What we did above was to test a simple function that could loop through the first few rows of our `length_4` data subset, and extract the values for city and state. Additionally we found that by simply inputting a value into the city and state parameters of `uszipcode`'s `by_city_and_state` function, we could get a whole host of information of that particular location. Now the next step will be to combine the two together into a possible function that will more quickly clean up the `zip` column.

In [35]:
test_dict = {}
for index, row in length_4.head().iterrows():
    # extract city and state name
    cty = row['cty'].capitalize()
    state = row['st']
    # create dictionary to store city info
    city_zip = search.by_city_and_state(city=str(cty), state=str(state))[0].to_dict()
    test_dict[city_zip['post_office_city']] = city_zip['zipcode']

In [36]:
test_dict

{'Kendall Park, NJ': '08824',
 'Somerville, NJ': '08876',
 'Manchester, NH': '03101',
 'Waterford, CT': '06385',
 'Bridgeton, NJ': '08302'}

COOL! Looks like we have the foundation for function that can help us clean up the `zip` column.
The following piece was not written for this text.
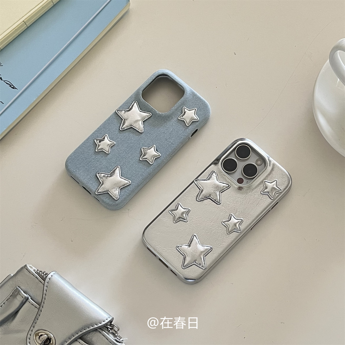 在春日韩系ins时髦皮质银色星星手机壳适用iPhone17promax硬壳16promax全包15pro保护壳14防摔

But first...let's see how we should clean up the values in the `cty` and `st` column to make them look more like the values above (i.e. not all caps). 

In [44]:
for index, row in length_4.head(10).iterrows():
    # extract city and state name
    cty = row['cty'].title()
    state = row['st']
    print(str(cty + ', ' + state).strip())

Kendall Park, NJ
Somerville, NJ
Manchester, NH
Waterford, CT
Bridgeton, NJ
Bridgeton, NJ
Mahwah, NJ
Mahwah, NJ
Mahwah, NJ
Concord, MA


After a relatively quick search, we found that we could accomplish the string cleaning with [`str.Title()`](https://www.geeksforgeeks.org/title-in-python/), which returns a string where the first letter in each word is uppercase and all remaining letters are lowercase.

Now the next step is to define this function formally and then apply it to our test data set, which will be `length_4`.

In [117]:
city_list = []
# loop through each row, exctracting city name and state
for index, row in length_4.iterrows():
    cty = row['cty'].title()
    state = row['st']
    # combine the two for full location name
    full_name = str(cty + ', ' + state).strip()
    # append to list
    city_list.append(full_name)

In [118]:
len(city_list)

924

In [119]:
# function to get unique values 
def unique(list1):
    # initialize a null list
    unique_list = []
    
    # traverse for all elements
    for x in list1:
        # check if exists in unique_list or not
        if x not in unique_list:
            unique_list.append(x)
    
    return unique_list

In [120]:
unique_cities = unique(city_list); len(unique_cities)

248

In [124]:
dictionary = {}

for city in unique_cities:
    cty, st = city.split(',')
    # strip any possible space from split
    cty = cty.strip()
    st = st.strip()
    # get zip code for city, state
    print(search.by_city_and_state(city=str(cty), state=str(st))[0].to_dict()['zipcode'])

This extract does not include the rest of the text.